3.2 Der Beschwerdeführer bringt vor, er habe einen bereinigten Zeitaufwand von 80,75 Stunden in Rechnung gestellt, der von den kantonalen Instanzen nicht in Frage gestellt worden sei (Beschwerde S. 3). Nach der neueren Rechtsprechung liege der entschädigungspflichtige Aufwand unter Berücksichtigung der seither aufgelaufenen Teuerung bei Fr. 200.-- pro Stunde. Die Behörde sei verpflichtet, bei Vorliegen einer Kostennote zumindest kurz zu begründen, aus welchen Gründen in Rechnung gestellten Aufwendungen als unnötig erachtet würden. Die Auffassung der Vorinstanz, wonach insgesamt 48 Stunden für seinen Verteidigungsaufwand ausgereicht hätten, sei unhaltbar. Die beiden Besuche seines Mandanten in der Strafanstalt Ringwil, die beiden Einvernahmekomplexe in Schmerikon sowie die Teilnahme an der Hauptverhandlung hätten allein einen Aufwand von 24 Stunden, und nicht bloss von 20 Stunden, wie die Vorinstanz fälschlicherweise annehme, verursacht. Die verbleibende Restzeit von 24 Stunden erlaube keine wirksame Ausübung der Verteidigung. Soweit mit der Grundpauschale gemäss Art. 10 Abs. 1 HonO/SG der notwendige Aufwand für die Verteidigung nicht entschädigt werden könne, müsse das Honorar daher nach Zeitaufwand bemessen werden. Schliesslich erweise sich das ihm zugesprochene Honorar auch im Vergleich zu den Entschädigungen von Fr. 4'000.-- bzw. Fr. 4'500.--, welche den Vertreterinnen der Geschädigten ausgerichtet worden seien als unhaltbar. Ihr Instruktionsaufwand sei ungleich geringer gewesen. Ausserdem hätten sie weder an den Einvernahmen im Untersuchungsverfahren noch an der Hauptverhandlung teilgenommen (Beschwerde S. 4 ff.).
4.
4.1 Der amtliche Anwalt erfüllt eine staatliche Aufgabe, welche durch das kantonale öffentliche Recht geregelt wird. Mit seiner Einsetzung entsteht zwischen ihm und dem Staat ein besonderes Rechtsverhältnis. Gestützt darauf hat der Anwalt eine öffentlich-rechtliche Forderung gegen den Staat auf Entschädigung im Rahmen der anwendbaren kantonalen Bestimmungen (BGE 131 I 217 E. 2.4; 122 I 1 E. 3a, mit Hinweisen).
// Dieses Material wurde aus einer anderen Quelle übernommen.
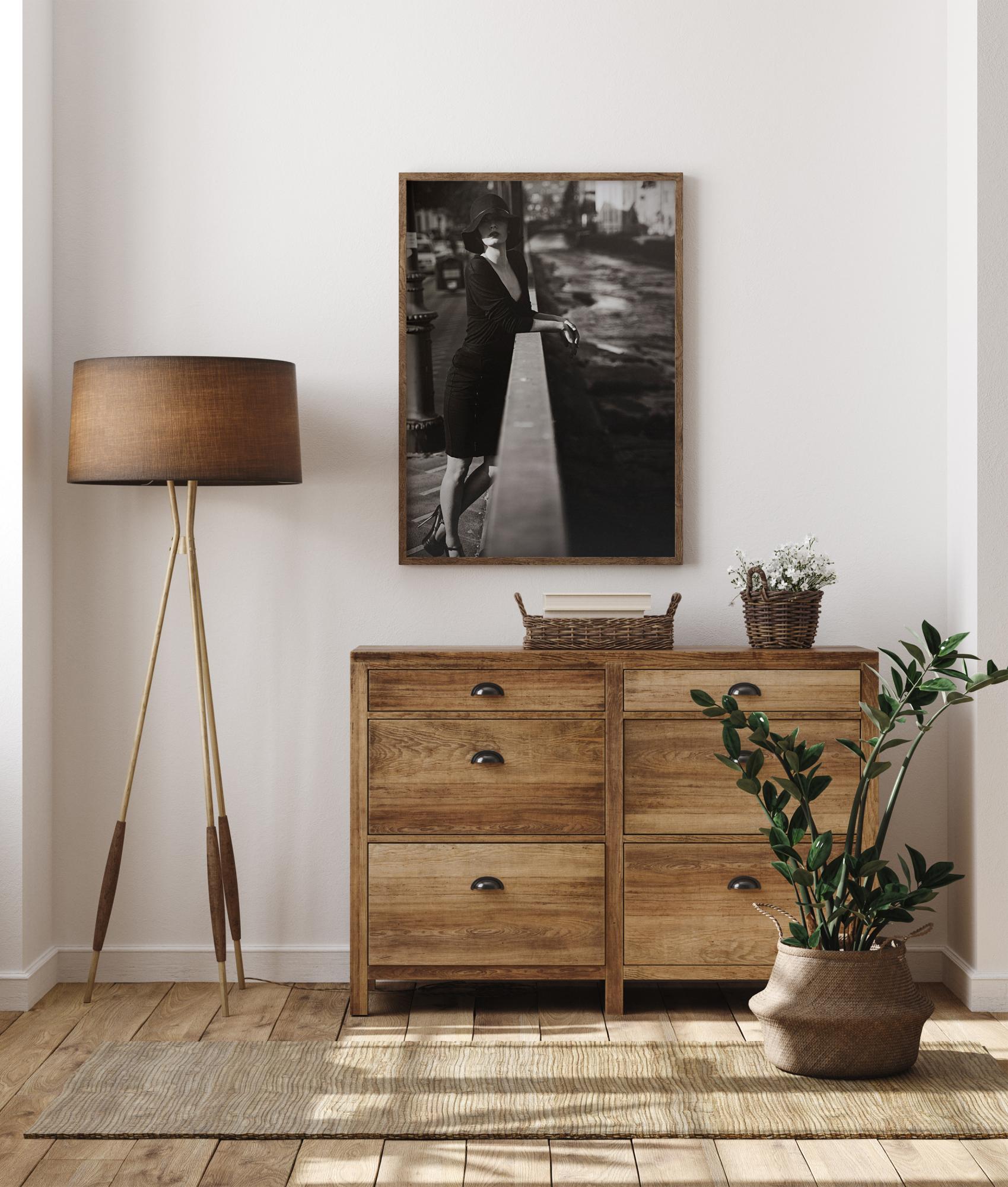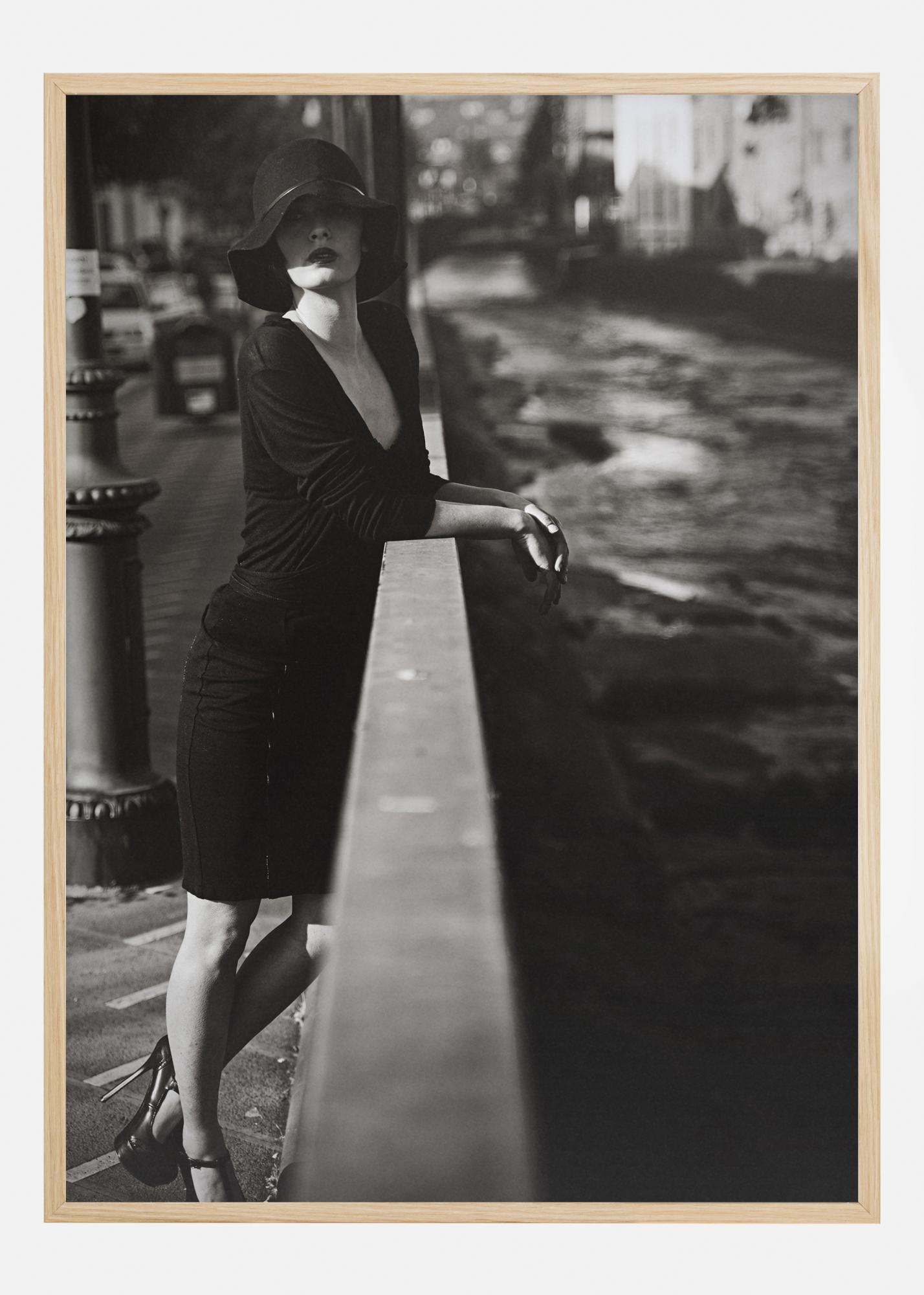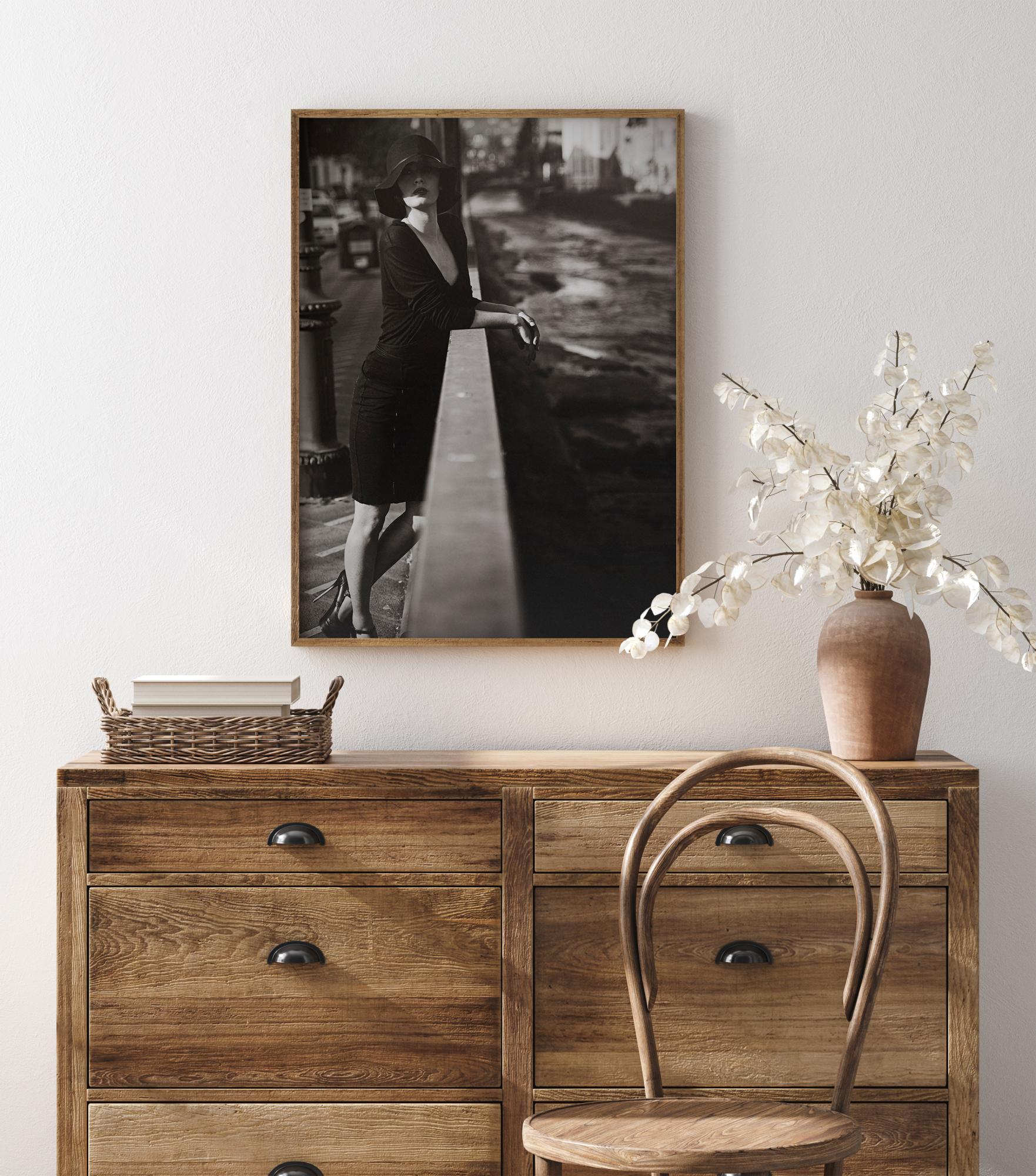 Muotokuva seinään nojaavasta naisesta. Tämä upea valokuva huokuu tyyliä ja tyylikkyyttä ja vangitsee rennon tyylikkyyden kuin mikään muu. Lisää tämä seinällesi 30-luvun chilliä tunnelmaa varten.
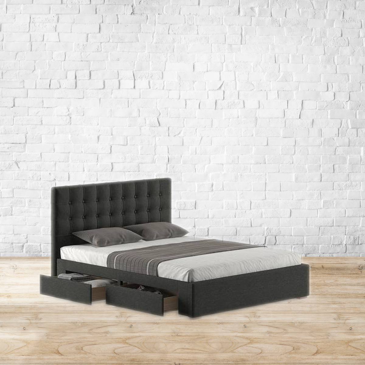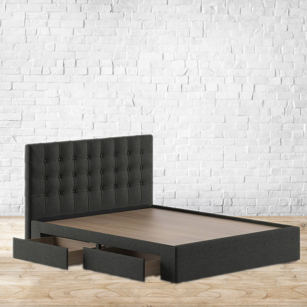 Hit snooze (again). The Linacre storage bed will tempt you to sleep in. Upholstered in a rich, premium fabric, the Linacre is all elegance, and makes for the perfect roommate. Seamlessly finished, it adds tone and texture to your space, and function as well. Storage drawers on either side offer room to stow away extra blankets, old magazines, and what have you. The plushly padded headboard is designed for leaning against, while you work, or catch up on TV. Hard to resist, isn’t it? Recommended mattress size for king is 78 x 72 inches; queen is 78 x 60 inches. Can accommodate mattresses between 6 and 8 inches. Bed frame made of high quality MDF and particle board. Rubberwood legs. Polyester upholstery; cushioning of PU foam and polyfill. MDF board to support the mattress. Refer to the images for dimension details. For indoor use only.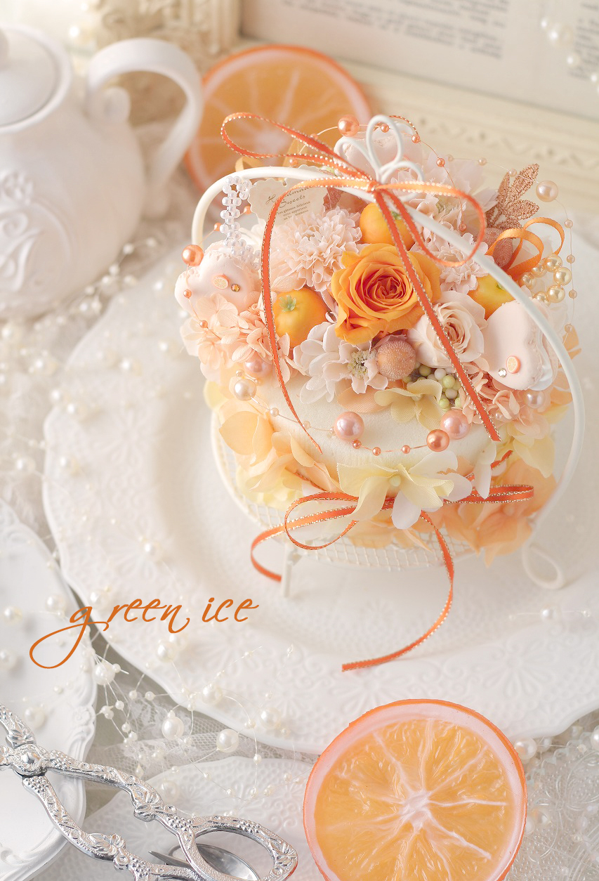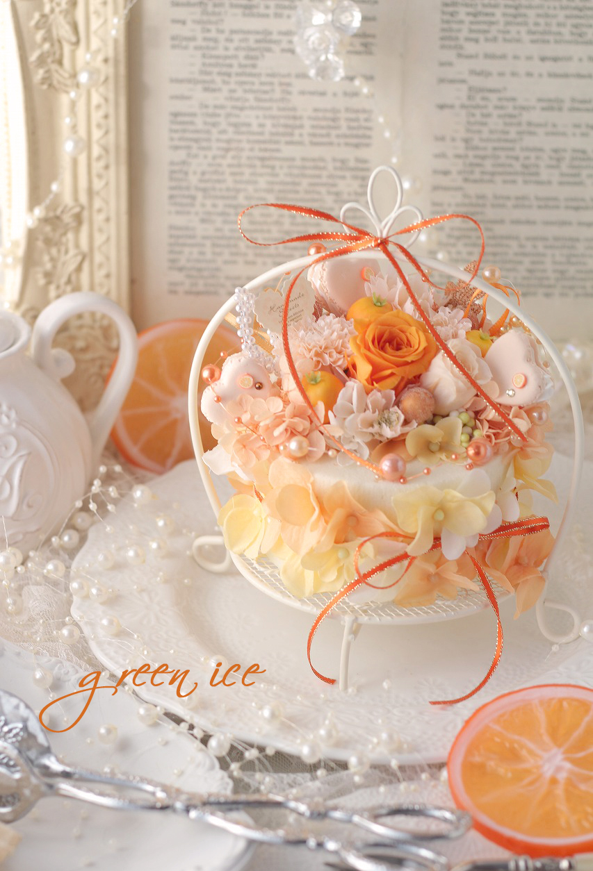ギフト発送、オレンジハートマカロンケーキアレンジ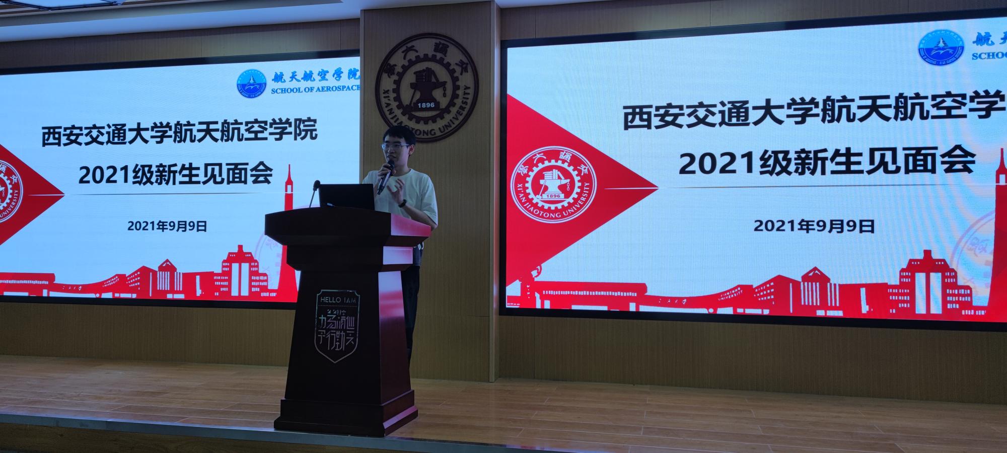 研究生会主席赵菲对航天学院研究生会的组织架构、各部门职能分布和工作展示进行了详细的介绍,热情邀请2021级新生加入研会,服务航院师生,筹划航院活动,讲述航院故事,推动航院发展。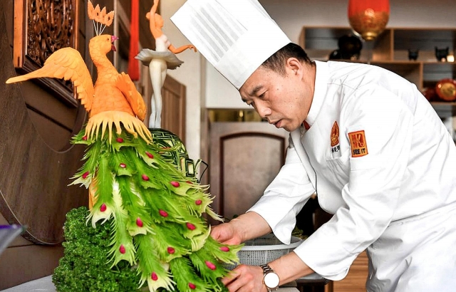 图为厨师制作的“孔雀迎宾”食雕。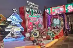 (Christmas Bus Terminal) As a Christmas lighting theme, there are multiple "check-in spots"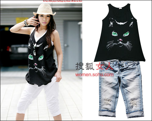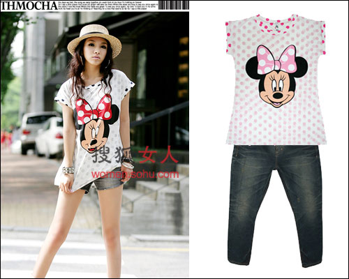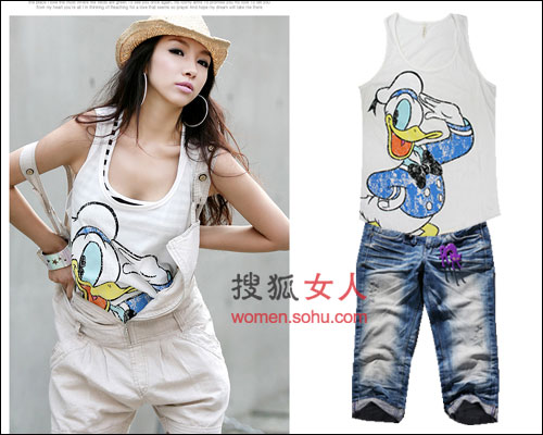 时尚解析:T恤是夏日永恒的主角,尤其是在街头文化和混搭潮流风行的都市生活中,T恤不仅仅是一件夏日凉衫,体现了时尚的变化与永恒,而都市年轻人更是通过T恤来宣扬自我的生活主张和方式,。用唐老鸭图案的TEE+漂白7分仔裤,非常时髦哦!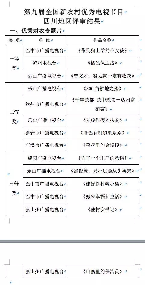 本次四川地区评选出的一等奖、二等奖共计18件作品将由省视协统一报送中国视协,参加第九届全国新农村电视艺术节的评选活动。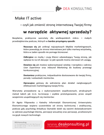 Make IT active – czyli jak zmienić stronę internetową Twojej firmy w narzędzie aktywnej sprzedaży? Bezpłatne, praktyczne warsztaty dla wielkopolskich mikro- i małych przedsiębiorstw podczas, których w bardzo przystępny sposób: Nauczysz się jak uniknąć najczęstszych błędów marketingowych, które powodują że strona internetowa jest tylko martwą wizytówką, która w żaden sposób nie pomaga biznesowi. Odkryjesz co myślą i czują Klienci odwiedzający Twoją stronę, jak wpływa to na ich decyzje i w jaki sposób można sterować ich uwagą. Dowiesz się jak możesz wykorzystywać wiedzę i narzędzia z zakresu User Experience oraz Inbound Marketing do budowy przewagi konkurencyjnej. Dostaniesz praktyczne, indywidualnie dostosowane do twojej firmy, porady i wskazówki mentorów. Opracujesz gotowy do wdrożenia plan działań zwiększających efektywność marketingową twojej firmy. Warsztaty prowadzone są z wykorzystaniem współczesnych, atrakcyjnych metod takich jak m.in. ko-kreacja i szybkie prototypowanie, przez zespół wzajemnie uzupełniających się mentorów: Dr Agata Filipowska z Katedry Informatyki Ekonomicznej Uniwersytetu Ekonomicznego wspiera uczestników od strony technicznej i analitycznej, podczas gdy psycholog Arkadiusz Dymalski dzieli się swoimi doświadczeniami w zakresie psychologii klienta, percepcji wizualnej oraz perswazji, przełożonymi na język nowych technologii. INFORMACJE ORGANIZACYJNE TERMIN: 24-27 września 2013 r. MIEJSCE: Concordia Design, ul Zwierzyniecka 3, Poznań RAMOWY HARMONOGRAM WARSZTATÓW: 24 WRZEŚNIA 10.00 – Wprowadzenie do warsztatów z udziałem Gościa Specjalnego 12.00-13.00 - Zainicjowanie pracy w trybie warsztatowymi: zapoznanie uczestników z zasadami i metodami pracy oraz komunikacji podczas warsztatów. 13.00 – Lunch 25 WRZEŚNIA 10.00 – Jak zaprząc stronę internetową do pracy – ABC User Experience 11.00 – Sesja ko-kreacji. Wykorzystanie checklisty do analizy własnej strony internetowej oraz zgromadzenia pomysłów na zmiany opartych o wyniki analizy uzyskane informacje zwrotne. 13.00 – Lunch 14.00 – Sesja szybkiego prototypowania. Przeprojektowanie strony internetowej z wykorzystaniem zdobytej wiedzy – zbudowanie papierowego mockupu. 26 WRZEŚNIA 10.00 – Inbound Marketing – przydatne narzędzia przyciągania i utrzymywania Klientów 11.00 – Sesja ko-kreacji. Wygenerowanie pomysłów i rozwiązań oraz dobór najbardziej optymalnych dla danego przedsiębiorstwa rozwiązań. 13.00 – Lunch 14.00 – Sesja szybkiego prototypowania. Zaprojektowanie połączeń poznanych technik z mockupem własnej strony. 27 WRZEŚNIA 09.00 – 18.00 - Indywidualne spotkania każdej uczestniczącej w warsztatach firmy z mentorami. Poświęcone szczegółom zastosowania poznanych na warsztacie rozwiązań w praktyce funkcjonowania ich firmy. W RAMACH WARSZTATÓW ZAPEWNIAMY: Dostęp do sieci Wi-FI, catering, certyfikat, materiały szkoleniowe i dużą dawkę inspiracji. Warsztaty odbywają się w ramach Światowych Dni Innowacji.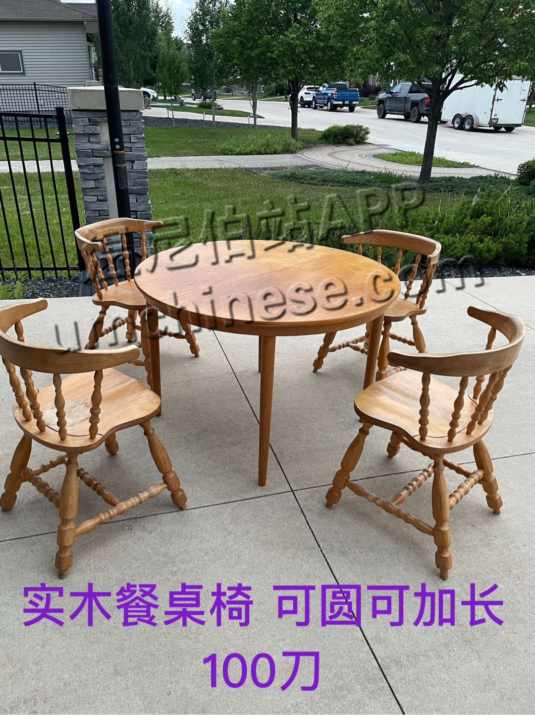 南区实木餐桌椅,一张桌子带四把椅子,桌子可圆可加长,100刀,南区bw,4312776058,短信联系。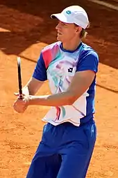 Kevin Michael Anderson (born 18 May 1986) is a South African professional tennis player. He achieved his career-high Association of Tennis Professionals (ATP) ranking of world No. 5 on 16 July 2018.[2] He was the first South African to be ranked in the top 5 since Kevin Curren was No. 5 on 23 September 1985.On 6 February 2011, Anderson defeated Somdev Devvarman in his hometown of Johannesburg to capture the South African Open title for his first ATP Tour-level title. His second ATP title came at the 2012 Delray Beach Open when he defeated Marinko Matosevic. Anderson won his third championship in 2015 at the Winston-Salem Open with a victory over Pierre-Hugues Herbert. He ended 2017 winning the exhibition World Tennis Championship. His fourth title came in February 2018 at the New York Open. Anderson reached his maiden Grand Slam final at the 2017 US Open, where he lost to Rafael Nadal.[3] In the 2018 Wimbledon semifinals, Anderson reached his second major final by defeating American John Isner in the second-longest match in the history of major tournaments. The match, which lasted 6 hours and 36 minutes, was only beaten in length by the 2010 match between Isner and France's Nicolas Mahut. He then lost to Novak Djokovic in the final in straight sets. On 3 May 2022, Anderson retired at age 35[4] but he announced his comeback in July 2023.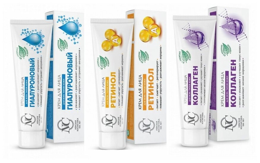 10 цен на Набор кремов для лица Гиалуроновый+Ретинол+Коллаген для всех типов кожи 40 мл.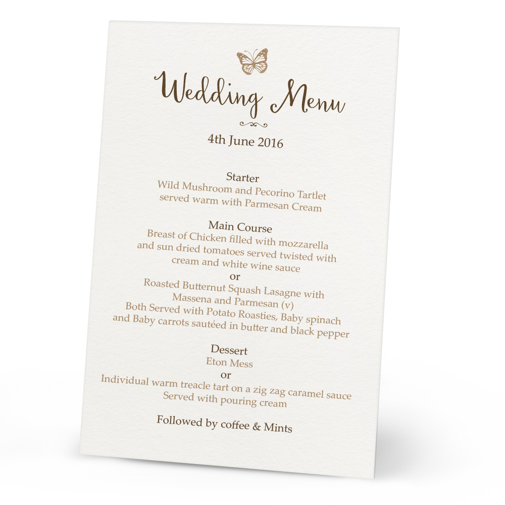 Let your wedding guests have a choice of meal with style with the Delilah Menu’s. Personalise the colour to suit your wedding meal, and also buy these with matching Table Plan, and Place Cards for a truly personalised and matching style.

Der amtliche Anwalt kann aus Art. 29 Abs. 3 BV einen Anspruch auf Rückerstattung seiner Auslagen herleiten (Niklaus Oberholzer, Grundzüge des Strafprozessrechts, 2. Aufl., 2005, N 547). Dieser umfasst aber nicht alles, was für die Wahrnehmung der Interessen des Mandanten von Bedeutung ist. Ein verfassungsrechtlicher Anspruch besteht nach Art. 29 Abs. 3 BV nur, "soweit es zur Wahrung der Rechte notwendig ist". Nach diesem Massstab bestimmt sich der Anspruch sowohl in qualitativer als auch in quantitativer Hinsicht, d.h. in Bezug auf den Umfang der Aufwendungen. Entschädigungspflichtig sind danach nur jene Bemühungen, die in einem kausalen Zusammenhang mit der Wahrung der Rechte im Strafverfahren stehen, und die notwendig und verhältnismässig sind. Das Honorar muss allerdings so festgesetzt werden, dass der unentgeltlichen Rechtsvertretung ein Handlungsspielraum verbleibt und sie das Mandat wirksam ausüben kann (Urteile des Bundesgerichts 6B_130/2007 vom 11.10.2007 E. 3.2.5 und 6B_695/2007 vom 8.1.2008 E. 3.5 je mit Hinweis).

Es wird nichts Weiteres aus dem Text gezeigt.